_ASSIGNMENT_
Copy down every line of the data that follows exactly. Omit the pictures.

_INFORMATION SHOWN_
------------------------------------------------------------
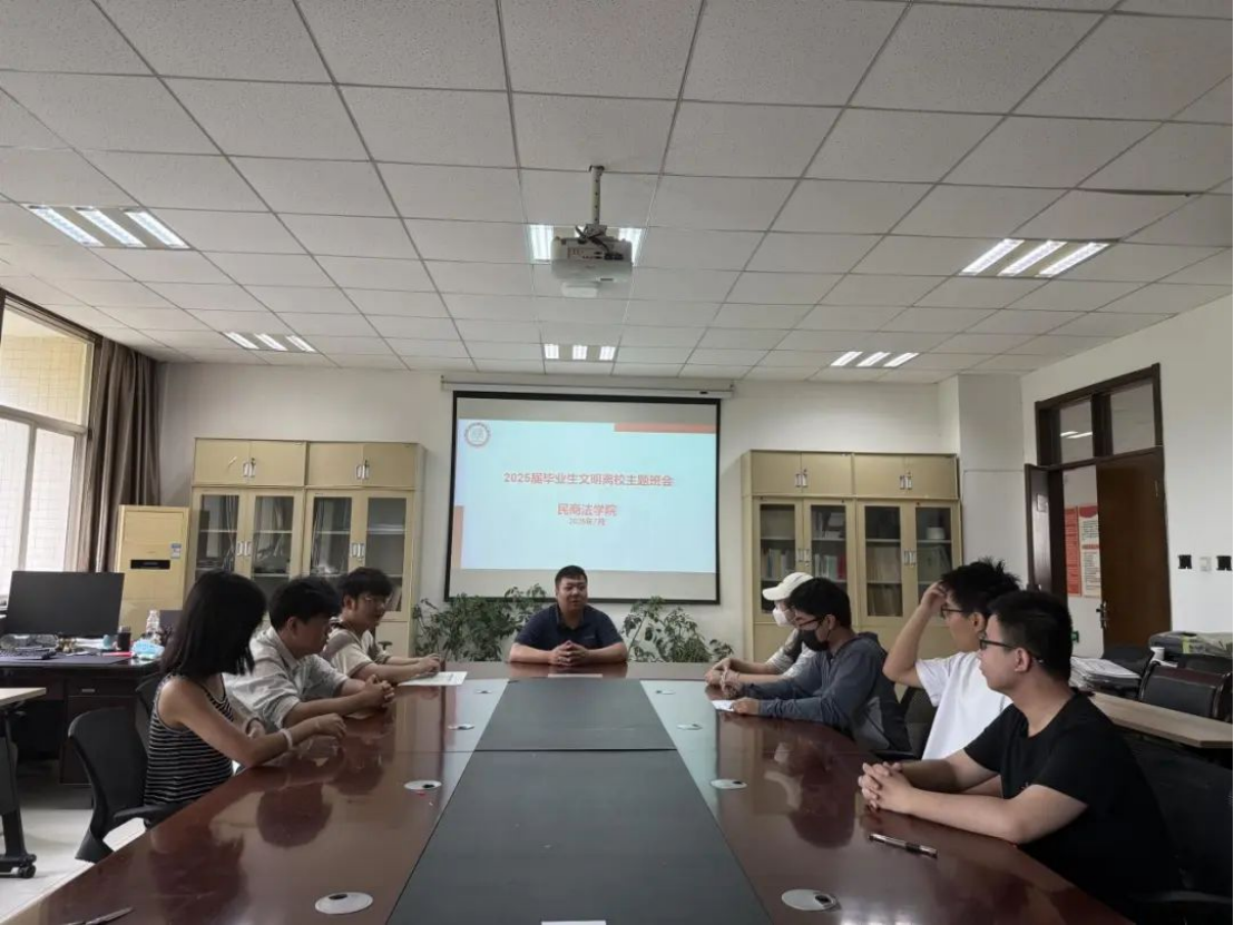 7月1日,3044永利集团2025届本科生毕业生于公司资料室召开“文明离校·青春远航”主题班会,2025届本科毕业生辅导员张智超及各班班委参会。
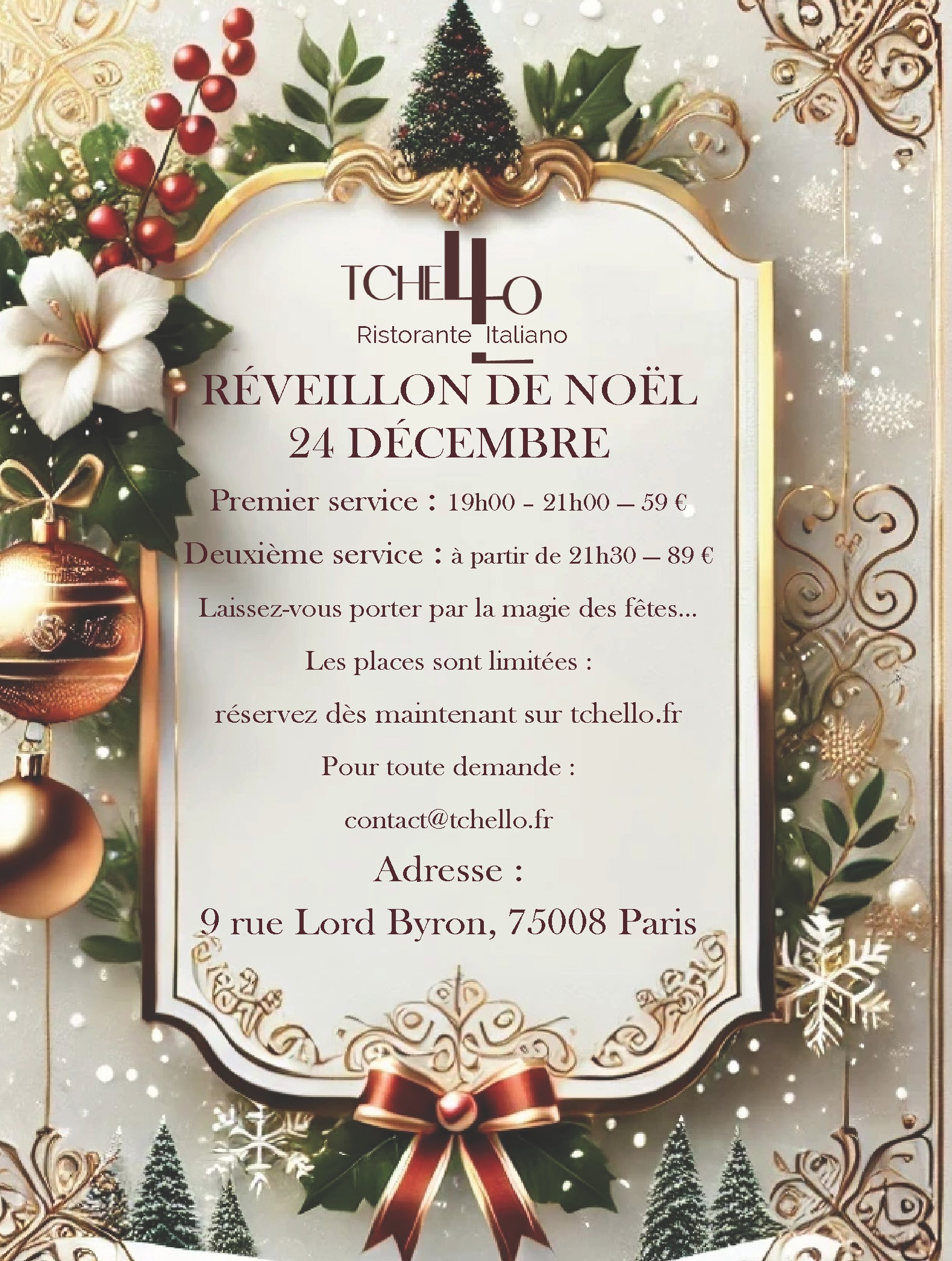 Vier kerstavond bij Tchello, in het hart van de Champs-Élysées, in een warme en elegante sfeer. Twee diensten wachten op je: van 19:00 tot 21:00 voor 59 € en vanaf 21:30 voor 89 €. Geniet van een feestelijk diner in een verfijnde setting. De plaatsen zijn beperkt, reserveer nu op tchello.fr of neem contact met ons op.
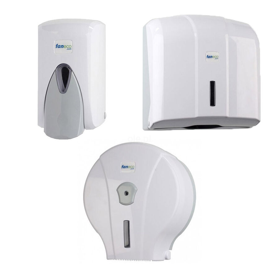Zestaw: pojemnik na papier. podajnik ręczników i dozownik mydła w płynie
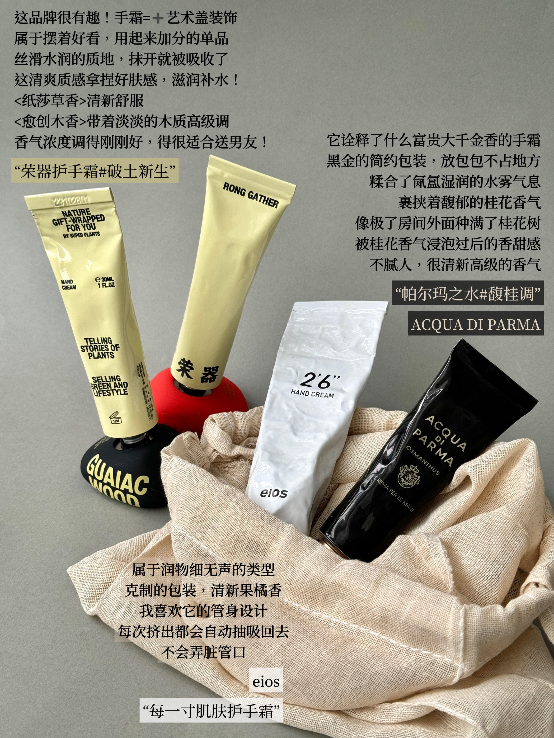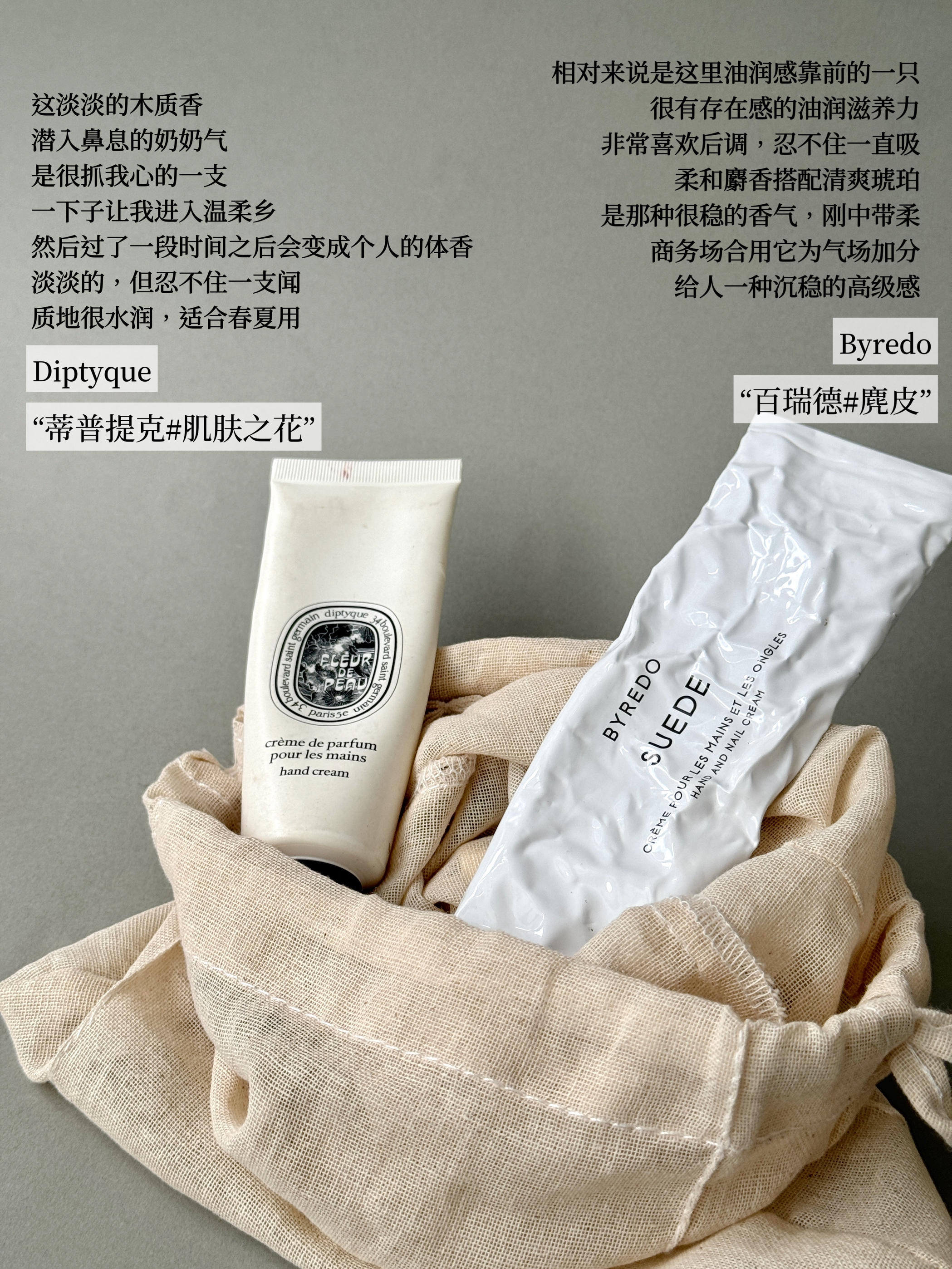 护手霜大户人家又上线啦! 秋冬出门,包包里少不了一支护手霜 今天,我想和大家分享这几款香氛护手霜 它们不仅拿捏滋润度 还是妥妥的氛围感伪体香好物 简直就是提升日常氛围的隐形香水! #香氛护手霜[话题]##小众护手霜[话题]# #护手霜推荐[话题]# #精致女孩必备[话题]# #伪体香的秘密[话题]# #好用的护手霜[话题]#
------------------------------------------------------------
_SOLUTION TO THE PROBLEM_
 7月1日,3044永利集团2025届本科生毕业生于公司资料室召开“文明离校·青春远航”主题班会,2025届本科毕业生辅导员张智超及各班班委参会。
 Vier kerstavond bij Tchello, in het hart van de Champs-Élysées, in een warme en elegante sfeer. Twee diensten wachten op je: van 19:00 tot 21:00 voor 59 € en vanaf 21:30 voor 89 €. Geniet van een feestelijk diner in een verfijnde setting. De plaatsen zijn beperkt, reserveer nu op tchello.fr of neem contact met ons op.
Zestaw: pojemnik na papier. podajnik ręczników i dozownik mydła w płynie
 护手霜大户人家又上线啦! 秋冬出门,包包里少不了一支护手霜 今天,我想和大家分享这几款香氛护手霜 它们不仅拿捏滋润度 还是妥妥的氛围感伪体香好物 简直就是提升日常氛围的隐形香水! #香氛护手霜[话题]##小众护手霜[话题]# #护手霜推荐[话题]# #精致女孩必备[话题]# #伪体香的秘密[话题]# #好用的护手霜[话题]#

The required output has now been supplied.